> _GOAL OF THE EXERCISE_:
After locating "07/07/2014 O Rotary" in the listing below, copy that line and each one after it exactly, ending with the line that has "Press on both".

> _DATA SHOWN_:
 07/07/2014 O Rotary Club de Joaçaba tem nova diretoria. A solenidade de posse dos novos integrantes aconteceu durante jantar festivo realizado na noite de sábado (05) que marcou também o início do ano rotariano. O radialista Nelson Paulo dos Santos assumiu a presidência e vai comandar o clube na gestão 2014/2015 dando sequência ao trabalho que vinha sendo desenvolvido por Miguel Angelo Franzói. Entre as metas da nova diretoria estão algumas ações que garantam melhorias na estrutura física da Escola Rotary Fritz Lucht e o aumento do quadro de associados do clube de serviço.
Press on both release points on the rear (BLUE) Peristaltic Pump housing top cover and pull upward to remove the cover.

==

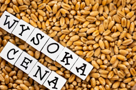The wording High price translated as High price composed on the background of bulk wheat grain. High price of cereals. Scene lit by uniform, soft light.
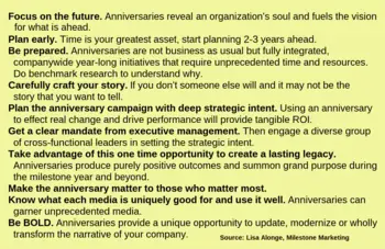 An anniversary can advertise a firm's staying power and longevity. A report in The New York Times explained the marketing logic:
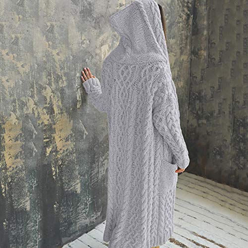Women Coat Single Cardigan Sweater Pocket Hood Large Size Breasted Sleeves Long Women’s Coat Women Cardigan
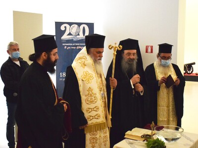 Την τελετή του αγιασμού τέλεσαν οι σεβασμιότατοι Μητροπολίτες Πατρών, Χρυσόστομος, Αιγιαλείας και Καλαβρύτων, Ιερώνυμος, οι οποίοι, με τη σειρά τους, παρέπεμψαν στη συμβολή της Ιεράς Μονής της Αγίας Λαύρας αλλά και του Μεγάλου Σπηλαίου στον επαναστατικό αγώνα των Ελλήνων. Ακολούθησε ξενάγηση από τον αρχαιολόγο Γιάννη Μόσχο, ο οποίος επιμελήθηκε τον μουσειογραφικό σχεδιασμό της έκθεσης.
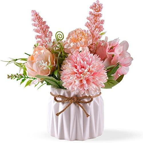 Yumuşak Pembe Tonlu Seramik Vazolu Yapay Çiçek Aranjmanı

---

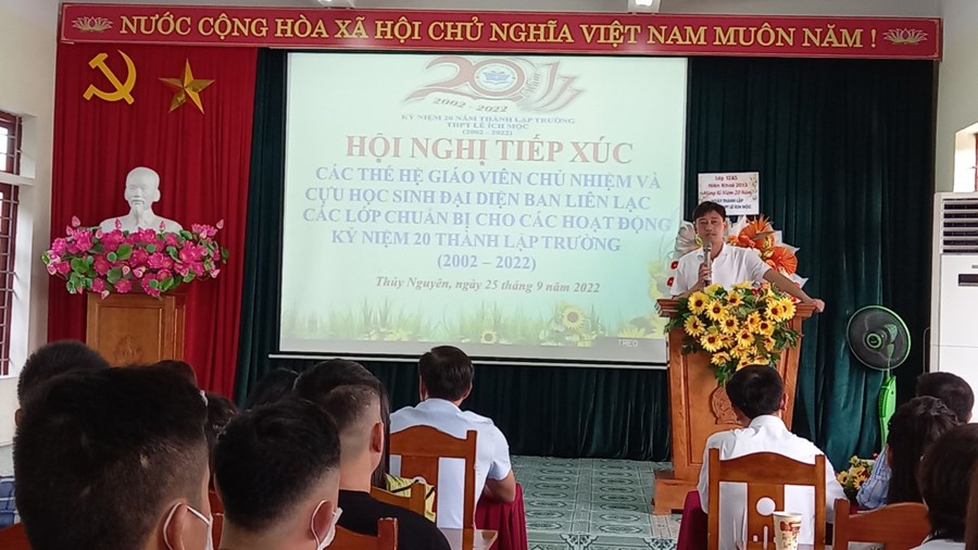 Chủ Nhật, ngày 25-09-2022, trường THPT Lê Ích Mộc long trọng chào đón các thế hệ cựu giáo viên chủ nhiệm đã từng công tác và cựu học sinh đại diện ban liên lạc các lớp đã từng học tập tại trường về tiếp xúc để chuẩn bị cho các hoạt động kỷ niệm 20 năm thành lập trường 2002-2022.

> _PROBLEM SOLUTION_:
 07/07/2014 O Rotary Club de Joaçaba tem nova diretoria. A solenidade de posse dos novos integrantes aconteceu durante jantar festivo realizado na noite de sábado (05) que marcou também o início do ano rotariano. O radialista Nelson Paulo dos Santos assumiu a presidência e vai comandar o clube na gestão 2014/2015 dando sequência ao trabalho que vinha sendo desenvolvido por Miguel Angelo Franzói. Entre as metas da nova diretoria estão algumas ações que garantam melhorias na estrutura física da Escola Rotary Fritz Lucht e o aumento do quadro de associados do clube de serviço.
Press on both release points on the rear (BLUE) Peristaltic Pump housing top cover and pull upward to remove the cover.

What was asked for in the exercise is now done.